0:16:25.3 RT: And I know, I know from… I’ve done a bunch of shows with Stephanie Seneff about many subjects from glyphosate to hormones, and toxic, a phrase I coined a long time ago about total toxic load, meaning all the stuff that we’re exposed to from the environment, and she is very, very, very extremely, in the best of ways, pro ‘be in the sun’. Not all the time, necessarily. As we’ve talked about, you develop a tan, what’s called a tan. I know that’s sort of not as vogue as it used to be, but develop a tan. You don’t have to be chocolate brown, you don’t have to be Jack LaLanne brown. But develop a tan. That’s a good marker. This is just my opinion, but I think having a tan is possibly a good marker of Vitamin D levels, people who get some sun. Go ahead partner.

 

0:17:19.6 CB: One of the things that I may interject here is that there actually have been research done and it has definitively shown that people who are out in the sun and get a tan, You’re ready for this? Have less, less melanoma than those who stay out of the sun.

 

0:17:44.0 RT: [laughter] Wow.

 

0:17:46.9 CB: That is true. And it has been published.

 

0:17:49.5 RT: That’s amazing.

 

0:17:50.5 CB: And if you think about all the night workers that get sick and so forth and so on, and it’s very much out of the sun, again, don’t burn. That is key.

 

0:18:01.4 RT: Well, I think part of what… I can’t remember who that was. But back in the way back machine. There was an advertiser that had a little girl running away from a dog and had tan lines and she was supposed to be smearing stuff on it, I just can’t remember who the marketing campaign was, and we got into the, you know, ‘cover yourself at all times’. When you go to the beach, now you see moms just covering their babies from head to toe with sunscreen and not allowing them to get the sun exposure because we got this fear factor of the sun was this deadly thing that was gonna cause yada, yada, yada. And you’re really helping it with GrassrootsHealth, I think really getting people to understand. Hey, maybe the sun is not the problem, I actually think, again, this is my opinion. I think that putting the goo, the various kinds of potentially what I will call creepy sunscreens on your skin and then photo driving it with the sun rays in the heat is really tricky. I’ll just say tricky, I have bad words. And I think developing a tan is a much better way of being protected from the sun.

 

0:19:16.2 CB: There are very few people…

 

0:19:16.4 RT: Do you have a thought on that?

 

0:19:18.4 CB: Oh of course.

 

0:19:20.0 RT: Yeah. Yeah.

 

0:19:22.1 CB: There are very few people that don’t benefit from the sun, and they are extremely white-skinned people. And I met some of them in New Zealand when I was over there a couple of years ago, really, really, really white. But other than that, you can measure your skin color and type and all of that and get an appropriate exposure time. Again, we’re talking about evolution here, the skin and the bodies have changed, the pelvis has changed, that’s why women have different types of babies and different types of problems when delivering babies. It’s all tied together, and it’s beautiful. Thank you.

 

[laughter]

 

0:20:11.5 RT: It’s all tied together. I know it’s a radical idea, it’s all tied together. I’m gonna jump to… Go ahead.

 

0:20:18.7 CB: Oh, I’m sorry.

 

0:20:20.0 RT: No, please.

How do You Know if You’re Getting Enough Vitamin D? The importance of testing – do not accept that the same intake fits all

0:20:21.1 CB: In order to know what to do about it, we still have to test, we cannot accept, and this is one of the things I would encourage all users and listeners to this, do not accept that the same intake or dose fits all, it doesn’t, it doesn’t, it doesn’t. It varies by a factor of six based on many factors. One of the major ones with no surprise tends to be weight, but please make sure you test or have somebody test your vitamin D. And of course, that’s what we do to help people. But it’s just not the same for all.

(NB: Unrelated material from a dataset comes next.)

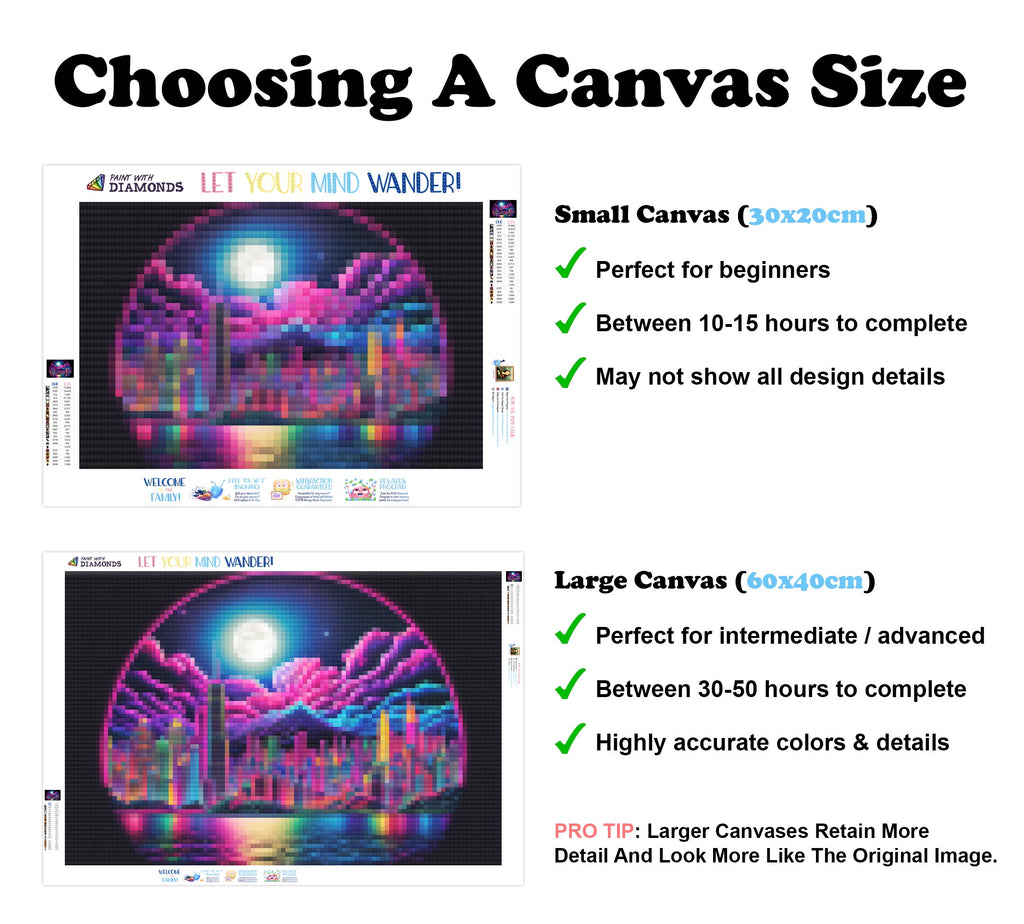 Large canvases show tiny details and all lettering, but may take up to 50+ hours to complete.

Is Vitamin D Dangerous? How dangerous is it to NOT take vitamin D?

0:20:58.7 RT: Right. I’ll ask the counter-question, is Vitamin D intake dangerous? Wasn’t Vitamin D one of those… There was… I know vitamin A was always like, “Oh, your liver will blow up. Your eyes will pop out of your head,” kind of thing with vitamin A. Is Vitamin D in any way from your research dangerous to take?

 

0:21:28.2 CB: I would like to shift that question from my point of view and say, is not taking vitamin D dangerous? How dangerous is it not to take Vitamin D? Back again to our mention of… There was something published by [0:21:47.8] ____ saying that something like over 90% of the children’s population is deficient. Deficient. Less than 40 nanograms per milliliter, which is what we consider in our scientist… Consider sufficient to do the development of all of the body functions. So, if you’re not paying attention to that, that means those children with their deficiency will not properly develop their hearts, they will not develop their athletic abilities, they will not develop other things that… Anxiety is affected by Vitamin D, believe it or not, and just go down the list. So, the cost of not taking it is serious, so you have to do it safely. And is there any problem back again with the safety issue? Every case that was reported of any kind of hypercalcemia, which is what was used to determine too much, the person was taking more than 30,000 IU a day, which is very unusual, and had been doing so for many months, or, and this is all that I have heard about in the last few years, a manufacturer had been somebody, generally a private person, says, “I want you to build or create a new product for me, and I want it to be 5000 IU per tablet,” or something like that. And accidentally the manufacturer makes it 500,000 IU a capsule.

 

0:23:34.0 RT: Wow.

 

0:23:34.5 CB: That has happened on several occasions, and the taker of it, after some time taking it, has gotten sick. But the good news is the solution to this is to stop taking it.

 

0:23:48.6 RT: That’s so radical. Oh, just stop taking it, wow.

 

0:23:53.5 CB: So, I wouldn’t play with it, but it’s like you don’t have to be that frightened. And the other thing is, the Mayo Clinic published last year, I believe it was, it could have been the year before that, during the intake of vitamin D, people reporting intake and whatever has gone up very substantially, and there were no people reporting any toxicity. And that’s thousands of people through the Mayo Clinic. So, again, it’s hypercalcemia, and unless somebody has some unique disease, it would be very unusual. So, let’s stop worrying about the hazard of taking and start talking about the hazard of not taking.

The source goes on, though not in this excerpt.